IE runs as your user, not SYSTEM. It can f' up your files but it's far from capable of doing
anything. If you run as administrator day to day that's your fault.
In practice, it's not so idiot-proof.
Most of the desktop clients out there are still Win 9x clients with no filesystem security. Even for the NT kernel clients out there, quite a few workstations run NT4 or W2K, which both have unnecessarily lax default NTFS permissions (and if you're still using FAT, then you're screwed).
Furthermore,
by default, WXP grants all user accounts Administrator credentials. I italized by default because in practice, the logic they've implemented in this regard is ridiculously convoluted. The goal was transparent backwards compatibility with existing Windows applications (many of which assume no OS security model), and as usual, MS chose the most convenient default at the expense of security.
The funny thing is apologists like gopunk actually thump their chests and make the absurd claim that MS has a good security design/implementation track record + a good response track record.

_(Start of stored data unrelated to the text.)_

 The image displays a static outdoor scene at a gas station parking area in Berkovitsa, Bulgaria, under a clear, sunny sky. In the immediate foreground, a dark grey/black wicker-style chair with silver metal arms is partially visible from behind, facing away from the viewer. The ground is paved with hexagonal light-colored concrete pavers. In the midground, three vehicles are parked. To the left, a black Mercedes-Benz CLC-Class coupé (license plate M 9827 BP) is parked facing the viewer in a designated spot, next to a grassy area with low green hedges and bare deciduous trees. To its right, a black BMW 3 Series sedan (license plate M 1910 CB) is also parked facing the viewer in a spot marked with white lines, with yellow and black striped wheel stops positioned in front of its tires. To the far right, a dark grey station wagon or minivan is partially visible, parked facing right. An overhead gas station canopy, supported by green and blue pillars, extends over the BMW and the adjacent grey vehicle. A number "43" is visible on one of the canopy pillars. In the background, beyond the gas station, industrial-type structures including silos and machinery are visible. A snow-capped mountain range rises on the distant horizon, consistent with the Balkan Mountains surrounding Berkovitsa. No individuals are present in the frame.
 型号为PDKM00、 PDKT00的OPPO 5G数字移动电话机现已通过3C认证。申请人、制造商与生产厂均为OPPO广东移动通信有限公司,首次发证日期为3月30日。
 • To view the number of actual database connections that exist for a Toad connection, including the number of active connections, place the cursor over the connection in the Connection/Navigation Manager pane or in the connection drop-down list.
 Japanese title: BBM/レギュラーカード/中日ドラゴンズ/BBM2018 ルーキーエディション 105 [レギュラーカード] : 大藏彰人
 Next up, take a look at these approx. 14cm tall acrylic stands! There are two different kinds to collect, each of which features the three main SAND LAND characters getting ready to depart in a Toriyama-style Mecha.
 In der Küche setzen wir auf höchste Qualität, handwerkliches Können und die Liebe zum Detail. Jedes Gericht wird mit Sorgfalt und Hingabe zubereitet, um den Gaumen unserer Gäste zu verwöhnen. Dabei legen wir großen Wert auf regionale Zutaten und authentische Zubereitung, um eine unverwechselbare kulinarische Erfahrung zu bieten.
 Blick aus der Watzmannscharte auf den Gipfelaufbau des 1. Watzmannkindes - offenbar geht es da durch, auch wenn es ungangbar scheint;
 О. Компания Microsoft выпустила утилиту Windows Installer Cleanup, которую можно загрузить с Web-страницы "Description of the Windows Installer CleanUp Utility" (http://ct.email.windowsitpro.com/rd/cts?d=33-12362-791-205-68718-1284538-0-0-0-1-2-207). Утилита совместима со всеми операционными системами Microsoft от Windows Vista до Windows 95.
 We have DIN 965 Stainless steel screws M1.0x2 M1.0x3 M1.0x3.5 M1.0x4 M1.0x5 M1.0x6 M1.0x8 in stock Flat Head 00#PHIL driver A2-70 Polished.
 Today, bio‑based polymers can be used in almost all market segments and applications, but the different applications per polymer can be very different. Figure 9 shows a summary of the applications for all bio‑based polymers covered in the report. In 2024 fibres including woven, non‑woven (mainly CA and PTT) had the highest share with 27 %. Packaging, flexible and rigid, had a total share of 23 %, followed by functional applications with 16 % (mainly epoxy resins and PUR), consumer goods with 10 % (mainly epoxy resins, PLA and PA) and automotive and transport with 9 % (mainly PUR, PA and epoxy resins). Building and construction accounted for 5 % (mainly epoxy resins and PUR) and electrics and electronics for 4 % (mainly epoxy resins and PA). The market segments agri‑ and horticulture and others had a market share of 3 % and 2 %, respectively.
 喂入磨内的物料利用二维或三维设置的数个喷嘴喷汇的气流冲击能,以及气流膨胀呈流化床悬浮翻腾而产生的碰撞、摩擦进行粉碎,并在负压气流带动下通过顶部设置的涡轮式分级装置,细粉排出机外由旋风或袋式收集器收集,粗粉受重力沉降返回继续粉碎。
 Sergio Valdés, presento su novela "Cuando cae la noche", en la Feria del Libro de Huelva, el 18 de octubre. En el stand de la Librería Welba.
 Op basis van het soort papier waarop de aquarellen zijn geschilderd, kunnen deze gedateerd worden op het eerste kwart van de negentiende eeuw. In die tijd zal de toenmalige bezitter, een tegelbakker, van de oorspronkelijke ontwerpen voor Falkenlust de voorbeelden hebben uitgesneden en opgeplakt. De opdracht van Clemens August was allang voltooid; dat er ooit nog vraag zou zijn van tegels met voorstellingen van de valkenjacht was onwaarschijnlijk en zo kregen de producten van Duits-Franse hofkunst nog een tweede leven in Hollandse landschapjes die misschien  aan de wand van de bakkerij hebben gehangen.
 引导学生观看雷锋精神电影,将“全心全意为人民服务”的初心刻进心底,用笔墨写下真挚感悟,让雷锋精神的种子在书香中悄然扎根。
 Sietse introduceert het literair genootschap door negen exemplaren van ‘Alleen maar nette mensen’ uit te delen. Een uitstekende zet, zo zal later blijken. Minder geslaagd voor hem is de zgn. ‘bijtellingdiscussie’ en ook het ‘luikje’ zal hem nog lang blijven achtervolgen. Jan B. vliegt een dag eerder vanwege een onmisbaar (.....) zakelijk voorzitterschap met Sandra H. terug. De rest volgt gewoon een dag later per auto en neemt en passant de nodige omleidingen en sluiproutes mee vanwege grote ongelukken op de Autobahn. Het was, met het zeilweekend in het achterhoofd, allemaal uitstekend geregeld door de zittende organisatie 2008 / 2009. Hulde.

Objectively, neither is true.* To bolster the claim, the argument usually goes, "Windows is a monopoly in desktop clients, so that's where the crackers target". No, actually, crackers target Windows because it's *both* ubiquitous and
vulnerable.
As has been mentioned more times than necessary, if black-hat crackers just go after ubiquity, Apache HTTP Server would be amongst the primary targets. Rather, that wonderful distinction goes to IIS (and its related brethen, IE + Exchange/Outlook).
Furthermore, it's hilarious that WXP has only been out for about a year, and just because gopunk got a "free" promo copy at school, he's generally touting how great it is, and how MS software doesn't disappoint. A year of free bliss does not add up to a sterling track record. But hey, if he's happy, what's the use in evaluating real technical claims on their merit.
* To be fair, neither is the blanket statement that open source software is more secure. However, transparent development clearly has some beneficial characteristics when it comes to security. As a simple analogy, no good encryption algorithms are developed in secret (and MS has created quite a few lousy ones, i.e. the PPTP suite). Few experts actually believe in security through obscurity, but MS execs couldn't spend enough time in court deposing that their software was too flawed to safely reveal the internals and external APIs fully. Users just have to blindly trust MS when it comes to security. Judge for yourself if they've earned that level of trust by past actions.